Is this problem not compounded by the fact that in many places such as Telford and Wrekin and the wider Shropshire area, the future of full A and E services at many hospitals is in doubt? That situation is bad for morale, and it compounds the other problems such as waiting times. People want some reassurance about the future of their A and E services.
That is a question for the Secretary of State. How can it make sense to close so many A and E departments in the middle of an A and E crisis? This year, the facts on the ground have changed. As I have said, it has been the worst year for a decade. Any proposal to change A and E in areas such as that of my hon. Friend needs to be considered in the light of that new evidence. We need to consider whether it is safe to proceed. As the A and E sister said, it is crisis management. That is the view from the real world. In here, it is a different story. It is, “Crisis, what crisis?”

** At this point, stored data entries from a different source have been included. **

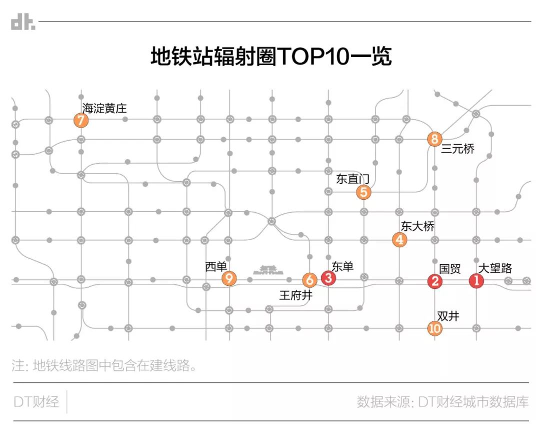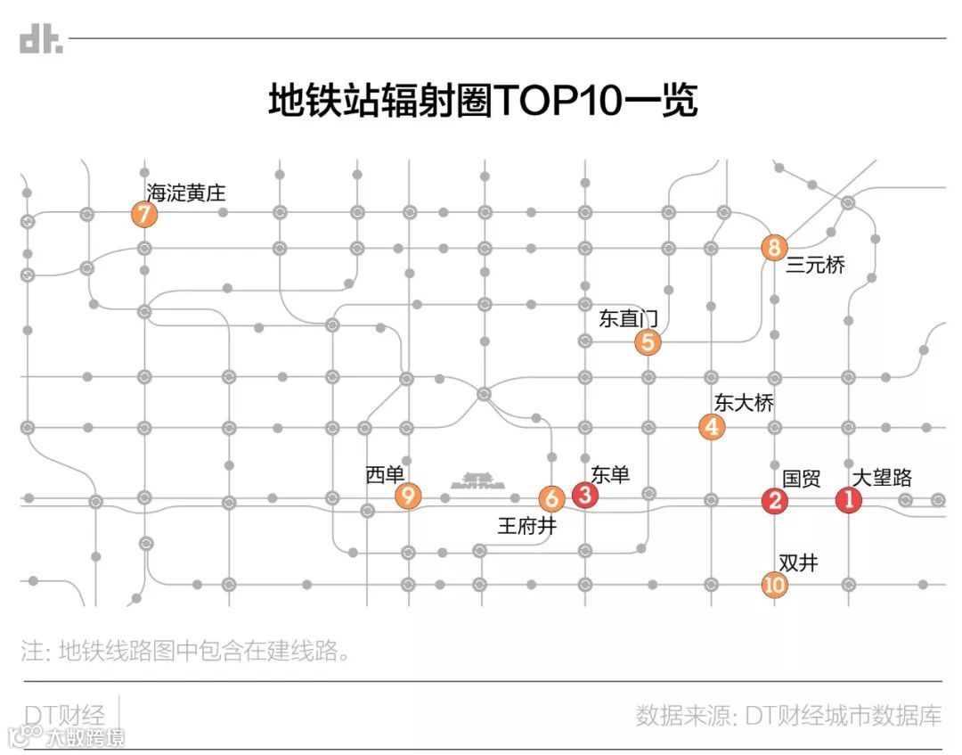 在《报告》对北京405个地铁站辐射圈的综合排名中,位于朝阳区的大望路站夺得第一,国贸、东单、东大桥、东直门、王府井、海淀黄庄、三元桥、西单与双井站分列二至十名。
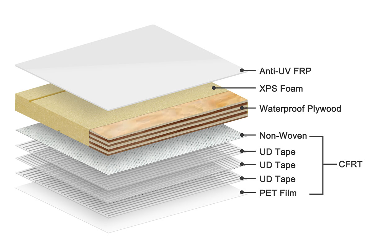 - 내부 레이어: 1.2mm CFRT 시트. (맞춤형: 0.7-2.0mm)
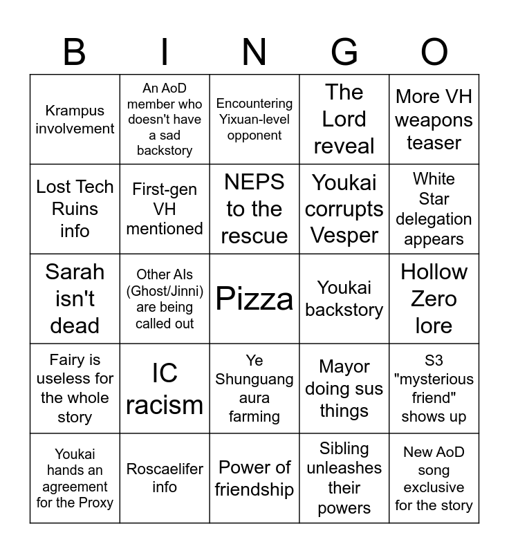 This bingo card has a free space and 24 words: IC racism, Roscaelifer info, NEPS to the rescue, Youkai hands an agreement for the Proxy, More VH weapons teaser, Krampus involvement, Lost Tech Ruins info, An AoD member who doesn't have a sad backstory, Youkai backstory, Ye Shunguang aura farming, Youkai corrupts Vesper, Sarah isn't dead, Mayor doing sus things, S3 "mysterious friend" shows up, First-gen VH mentioned, Sibling unleashes their powers, Hollow Zero lore, Encountering Yixuan-level opponent, White Star delegation appears, Other AIs (Ghost/Jinni) are being called out, New AoD song exclusive for the story, Fairy is useless for the whole story, The Lord reveal and Power of friendship.
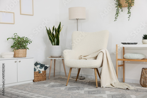 Stylish armchair, lamp, cabinet, console table and houseplants in room. Interior design
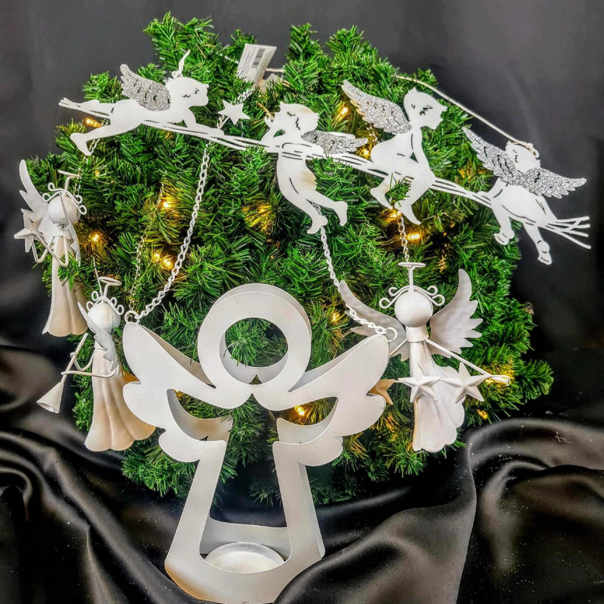 METALOWY ANIOŁ ŚWIECZNIK BIAŁY BOŻE NARODZENIE
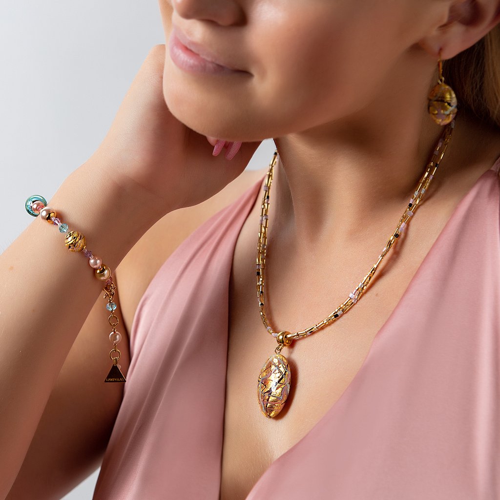 | specjalne zdobienie pereł Lampglas: | 24-karatowe złoto z czystym srebrem i designową kompozycją z gorącego szkła |
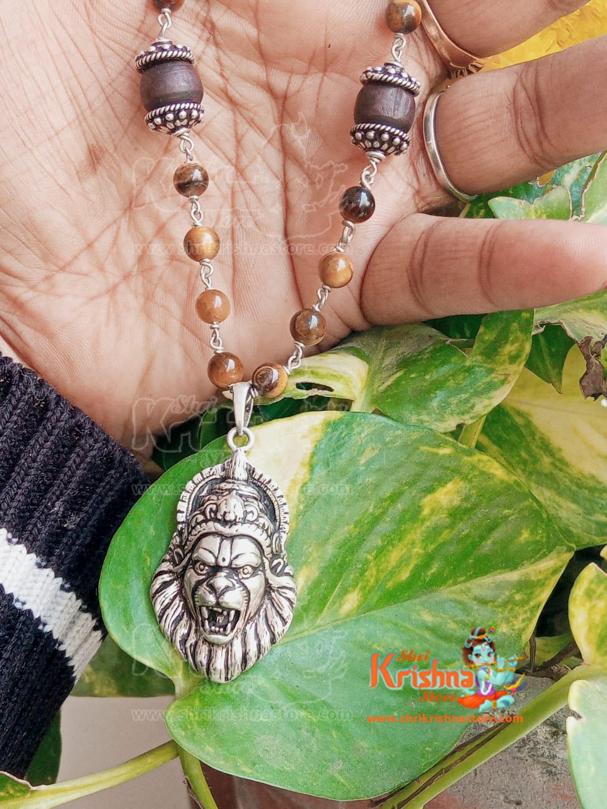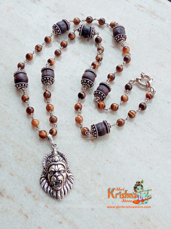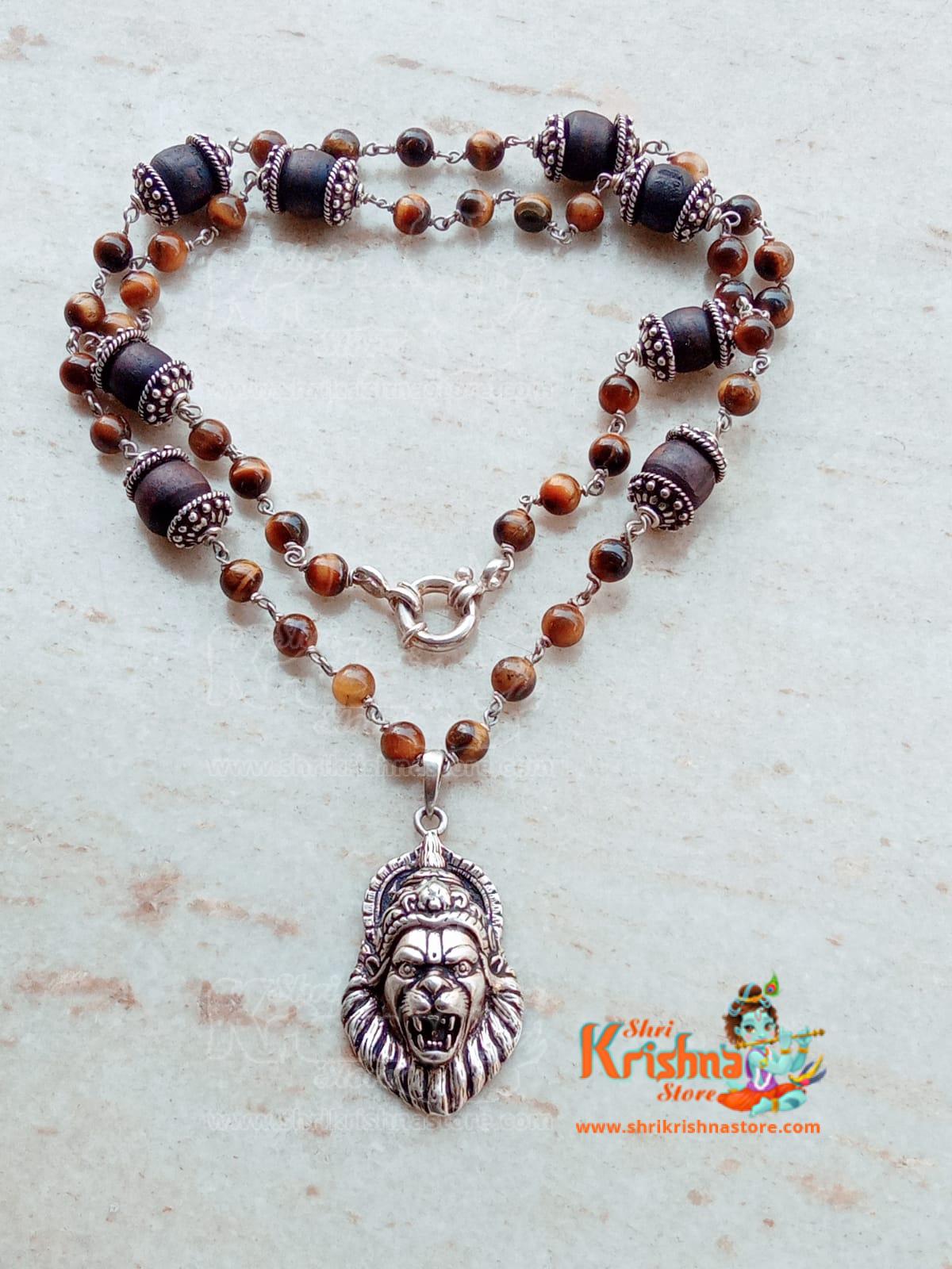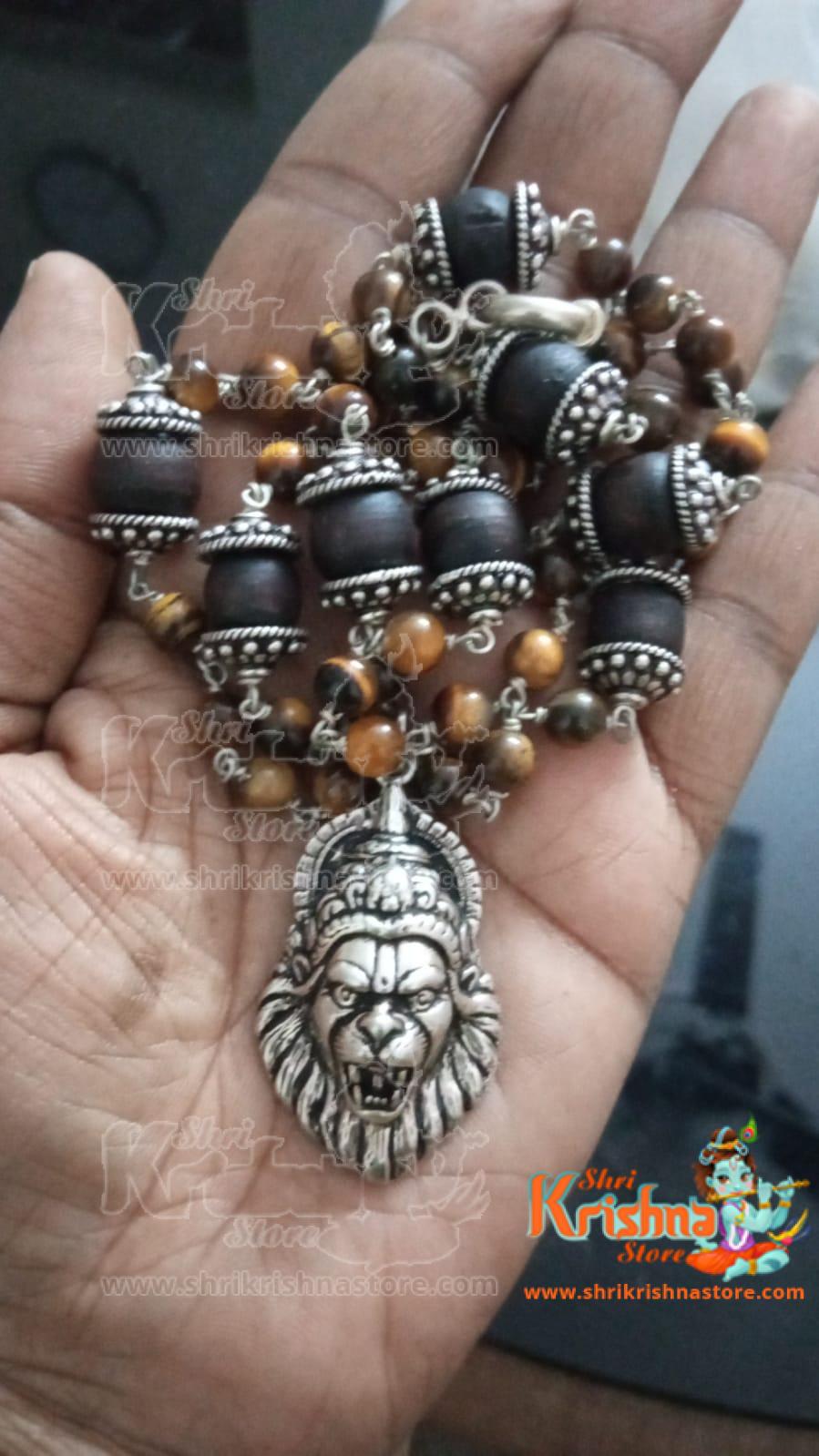 Sterling Silver Narasimha Pendant With Heavy Sterling Silver Capped Tulasi Beads – Classic / Trendy

My purpose in holding this debate is to cut through the spin. I want to bring into our debate today the voices of those A and E nurses, occupational therapists, paramedics, community nurses, and NHS 111 staff and mental health professionals who came to our summit. For instance, there is the paramedic who told us of his worries about ambulance response times getting longer because ambulances are trapped at A and E; and of the time when a patient who was held a long time at the door of a busy A and E suffered a heart attack and had to be rushed back to the ambulance. Another paramedic told us about being at the scene of a serious incident in a city centre. After calling for back-up, he was joined by a private ambulance which did not appear to have adequately trained staff to take patients to hospital. A community nurse spoke of her frustration at spending an hour and a half on the phone trying to get a GP appointment for a frail patient. An A and E-based occupational therapist said that she was now regularly diagnosing dementia for the first time in older patients who had ended up in A and E. Surely we can do better than that.